Basically the columns of the table look like this:
id : INT(10) unsigned auto_incremented
number : INT(6) unsigned zerofill
date : DATETIME
When I insert a new row, here is how I need to set its number value :
I thought about first select the last row's date and number, set the new number using php and then make my insert.
$pdo->beginTransaction();
$stmt = $pdo->prepare("SELECT `number`, `date` FROM `table` ORDER BY `id` DESC LIMIT 1");
$stmt->execute();
$infos = $stmt->fetch(PDO::FETCH_ASSOC);
$date = date("Y-m-d H:i:s");
if (date("Ymd", strtotime($infos['date'])) < date("Ymd", strtotime($date))) {
$number = 1;
} else {
$number = $infos['number'] + 1;
}
$stmt2 = $pdo->prepare("INSERT INTO `table` (`number`, `date`) VALUES (:number, :date)");
$stmt2->execute(array(":number" => $number, ":date" => $date));
$pdo->commit();
Are transactions enough to prevent another thread selecting the same number and therefor trying to insert the same number I am trying to ?

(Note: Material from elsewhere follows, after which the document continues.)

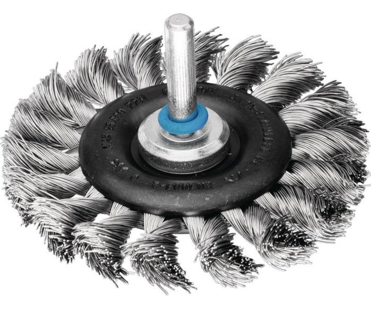 Weitere technische Eigenschaften · Antriebsarten: Biegwellenantrieb, Bohrmaschine, Geradschleifer · Anwendungsempfehlungen: Bitte beachten Sie die empfohlenen Drehzahlen., Für beste Leistung Werkzeugantrieb mit mindestens 500 Watt verwenden. · Bearbeitbare Werkstoffe: Aluminium, Bronze, Kobaltbasislegierungen, NE-Metall hart, Hochwarmfeste Werkstoffe, Nickelbasislegierungen (z. B. Inconell und Hasteloy), Superlegierungen auf Nickel oder Titanbasis, Weitere NE-Metalle, weiche Titanlegierungen (Zugfestigkeit 500 N/mm²), Edelstahl (INOX), Titan, Titanlegierungen · Bearbeitungsaufgaben: Reinigen, Entgraten, Entrosten, Entzundern, Anlauffarben entfernen, Oxydschichten entfernen, Entlacken, Wurzelnahtbearbeitung, Schweißnahtbearbeitung, Kehlnahtbearbeitung · Breite metrisch: 12mm · RPM, opt., bis: 16300min-1 · RPM, opt., von: 10000RPM · Sicherheitshinweise: Beim Einspannen der Bürste ist darauf zu achten, dass der Schaft möglichst weit in die Aufnahme eingespannt wird. Dies gilt insbesondere für den Einsatz im hohen Drehzahlbereich. Die Mindesteinspannlänge beträgt 10 mm. · Verpackungen: Industrieverpackung · Vorteile: Die Bürste ist entfettet und hinterlässt keine Ölrückstände auf dem Werkstück., Optimales Erreichen von schwer zugänglichen Stellen wie Nuten und Vertiefungen., Aggressiver Bürsteffekt durch hohe Steifigkeit der Drahtzöpfe., Sehr gute Korrosionsbeständigkeit. · Rundbürste RBG 7012/6 · INOX 0,35 D.76mm 6mm · Drahtstärke 0,35mm VA ·

Since I couldn't answer that question myself, even using our dear friend Google and SO, I thought "Can't I just have MySQL do all the work ?" and came up with this query :
INSERT INTO `table`(`number`, `date`)
SELECT IF(
DATE((SELECT `date` FROM `table` ORDER BY `id` DESC LIMIT 1)) < CURDATE(),
'1',
(SELECT `number` + 1 FROM `table` ORDER BY `id` DESC LIMIT 1)
), NOW()
Is it a better way to do it ?
Should I just lock the table before doing anything ?
Am I just too dumb to see how this should be done ?
This may suffice:
First, change the table. No id
, date is a
DATE`, "natural" PK.
number INT(6) unsigned zerofill,
date DATE,
PRIMARY KEY(date, number)
Then the transaction is
BEGIN;
($not_first, $number) = SELECT date = CURDATE(), number
FROM tbl
ORDER BY date DESC, number DESC
LIMIT 1
FOR UPDATE; -- important
$number = $not_first ? $number+1 : 1;
INSERT INTO tbl (date, number, ...)
VALUES
( CURDATE(), $number, ...);
COMMIT;
But there is still a bug if the SELECT
runs just before midnight, but the INSERT
runs just after.
So, this may avoid the bug, and avoid the transaction, since the statement should be atomic:
INSERT INTO tbl (date, number, ...)
VALUES
( CURDATE(),
IFNULL( ( SELECT MAX(id) FROM tbl WHERE date = CURDATE() ),
1 ) AS number,
... -- whatever else you are inserting into `tbl`
);
Regardless of how you do it, you must check for errors -- another connection could be doing the same thing and lead to a deadlock or something.